Bloqueando los efectos de los microbios nocivos es también una vía potencial para la terapéutica. El año pasado, el grupo de Hazens informó que habían identificado un compuesto, la fluorometilcolina (FMC), que bloquea la acción de las enzimas microbianas generadoras de TMA sin matar a los insectos. La dosificación de ratones con FMC redujo los niveles de TMA y TMAO en la sangre de los animales e hizo que sus plaquetas fueran menos propensas a la coagulación en comparación con las de los ratones de control, por lo que el equipo continúa con las pruebas preclínicas del compuesto.

Los científicos continúan para encontrar nuevas conexiones entre el microbioma y la salud cardiovascular, cada una con sus propias implicaciones terapéuticas. Por ejemplo, los estudios en animales han encontrado que los ácidos grasos de cadena corta que las bacterias producen cuando descomponen la fibra interactúan con los receptores de las células huésped para regular la presión arterial.
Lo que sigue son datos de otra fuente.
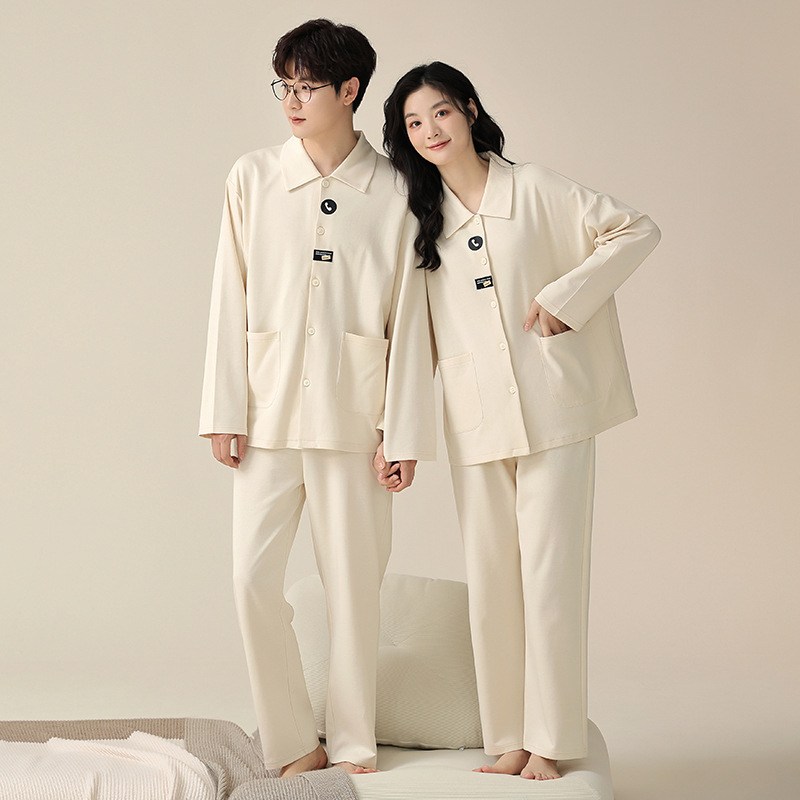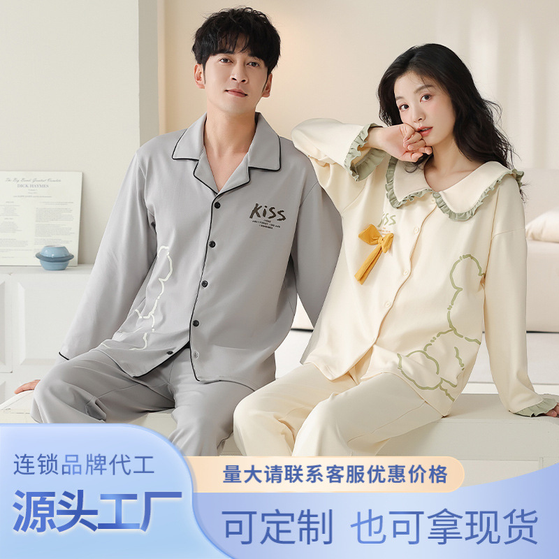 純綿綿カップルパジャマ女性春と秋の甘くて可愛いセットカジュアルカーディガン長袖男性用ホームウェア外着可
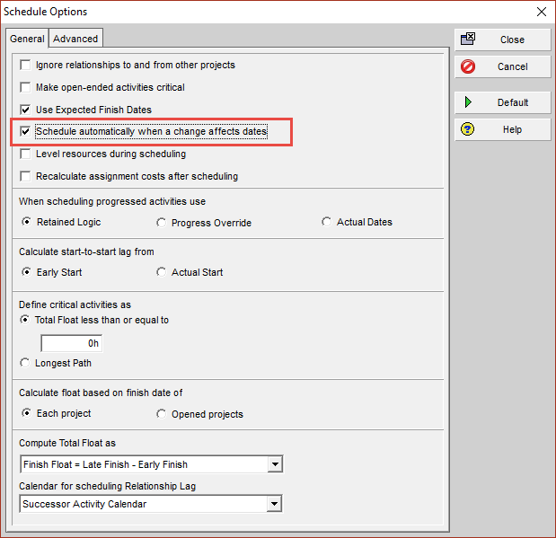 - Under the General tab, check the box for Schedule automatically when a change affects dates to activate auto-scheduling.

Y aunque el microbioma está lejos de ser el único mediador de la salud cardiovascular, los investigadores en el campo sospechan que hay muchos más vínculos por descubrir.

Hazen compara los comienzos de su investigación relacionada con el microbioma, que comenzó en 2007, a la escena de Men in Black II cuando los personajes principales descubren toda una sociedad de extraterrestres que viven dentro de un casillero de tamaño modesto en Grand Central Terminal. A medida que surjan más hallazgos, dice, el microbioma intestinal terminará siendo y estoy convencido de que es nuestro órgano más importante.